Carlo Fischione, Viktoria Fodor, José Mairton B. da Silva Jr., and Henrik Hellström
Description: As data generation increasingly takes place on devices without a wired connection, machine learning over wireless networks becomes critical. Many studies have shown that traditional wireless protocols are highly inefficient or unsustainable to support distributed machine learning services. This is creating the need for new wireless communication methods that will be arguably included in 6G. In this tutorial, we plan to give a comprehensive review of the state-of-the-art wireless methods that are specifically designed to support distributed machine learning services. Namely, over-the-air computation and radio resource allocation optimized for machine learning. In the over-the-air approach, multiple devices communicate simultaneously over the same time slot and frequency band to exploit the superposition property of wireless channels for gradient averaging over-the-air. In radio resource allocation optimized for machine learning, active learning metrics allow data evaluation to greatly optimize the assignment of radio resources. This tutorial introduces these methods, reviews the most important works, and highlights crucial open problems.

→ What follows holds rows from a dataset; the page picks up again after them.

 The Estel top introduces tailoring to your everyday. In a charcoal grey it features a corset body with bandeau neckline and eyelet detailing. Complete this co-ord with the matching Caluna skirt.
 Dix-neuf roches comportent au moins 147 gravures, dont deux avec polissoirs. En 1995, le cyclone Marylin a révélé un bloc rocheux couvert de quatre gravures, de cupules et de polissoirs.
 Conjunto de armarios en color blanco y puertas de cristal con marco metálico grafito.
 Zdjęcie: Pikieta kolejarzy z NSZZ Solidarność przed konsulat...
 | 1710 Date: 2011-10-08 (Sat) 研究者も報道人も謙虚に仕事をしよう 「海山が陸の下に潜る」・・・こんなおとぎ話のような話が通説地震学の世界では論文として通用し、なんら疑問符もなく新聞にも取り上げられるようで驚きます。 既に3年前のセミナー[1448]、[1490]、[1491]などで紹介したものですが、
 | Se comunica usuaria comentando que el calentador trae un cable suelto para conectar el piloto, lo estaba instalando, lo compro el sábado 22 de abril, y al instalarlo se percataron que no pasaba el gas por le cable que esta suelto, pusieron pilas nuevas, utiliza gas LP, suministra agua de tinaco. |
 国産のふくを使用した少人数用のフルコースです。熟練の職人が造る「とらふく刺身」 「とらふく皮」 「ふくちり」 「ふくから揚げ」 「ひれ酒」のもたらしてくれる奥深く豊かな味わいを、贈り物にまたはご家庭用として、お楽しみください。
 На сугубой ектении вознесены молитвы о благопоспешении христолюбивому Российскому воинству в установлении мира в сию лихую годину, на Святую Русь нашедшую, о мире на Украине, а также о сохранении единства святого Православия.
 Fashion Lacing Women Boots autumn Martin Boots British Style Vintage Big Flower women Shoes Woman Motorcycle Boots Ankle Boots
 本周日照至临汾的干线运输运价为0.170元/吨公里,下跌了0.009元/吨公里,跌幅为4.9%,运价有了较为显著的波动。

Zoran Cvetkovic, Enzo De Sena, and Huseyin Hacihabiboglu
Description: Simulation and rendering of environment acoustics enables to make the acoustics of a virtual space audible and is essential for providing a high level of immersion in AR/VR applications--without it, sound sources are perceived inside the head. While it is possible to simulate how sound waves physically propagate, scatter and diffract in an environment, this requires significant computational resources. In many cases, it is possible, and indeed desirable, to simplify the simulation and rendering of room acoustics by leveraging limitations of human auditory perception. This tutorial will provide an overview of the available classes of room acoustics models with a focus on models with low computational requirements that are particularly suitable for XR applications.